Hi, I'm working from home this week as my wife told me on Sunday that the spark is just not there and she is just not the same person she was many years ago. We were married 9 years, dating 13 and I am 37 she is 35 now. 
She has moved out since the start of June to see if she could get her head sorted but it never happened and now it's over.

My questions are:
Should I change the pictures etc at this stage (day 3)? We had no kids due to a physical constraint so the walls are full of pictures of her and me and her at birthdays etc etc. When I see them I'm breaking down. she is out of the house and took no pictures or anything from "us". I am left in a house of memories (good ones though) but should I change things like the pictures and put up pictures of me and my friends and family which would make me happier?

also, she has not yet moved all her stuff out so her earrings are still on the bedside locker and her teddybears that I bought her when she was sick many years ago are still there and it breaks my heart when I see them. 

Should I be leaving all this stuff as it is, looking at it, crying and realising that it is a process, or should I be putting the house in a place where it makes it easier for me to live?

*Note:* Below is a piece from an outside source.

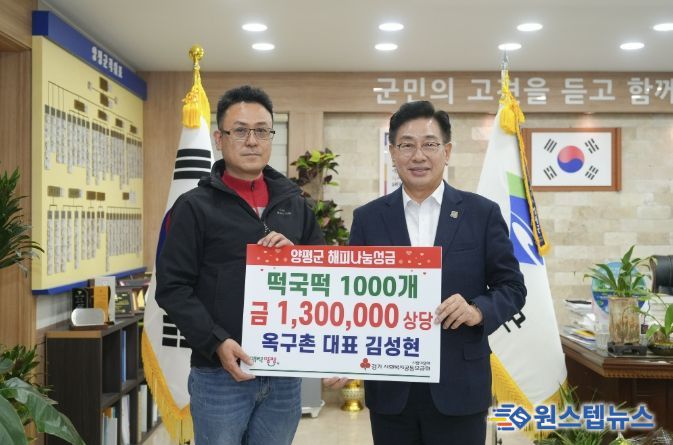 원스텝뉴스 이병희 기자 | 양평군은 지난 1일 농업회사법인 ㈜옥구촌한우가 지역 내 취약계층을 위해 130만 원 상당의 떡국떡 1,000개를 기탁했다고 밝혔다.

I've no real choice but to move on and realise I did my best in my marriage and I treated her really well, but now I need to put that in the past, move on myself and worry only about me and how I can make myself happy.
My only concern is that I believe it's important to grieve but do I need her pictures, her clothes, her perfume, her mugs and plates and bowls and paintings as a constant reminder?
It feels like the house is still "ours" when it is in this way. I need to start making the house "mine".

What do you think oh wise internetters?

LI.


----------



## Syrum

I say start changing it up.

make it your own place, and doing things you want to do with the space.

I hope everything goes very well for you from here on out.


----------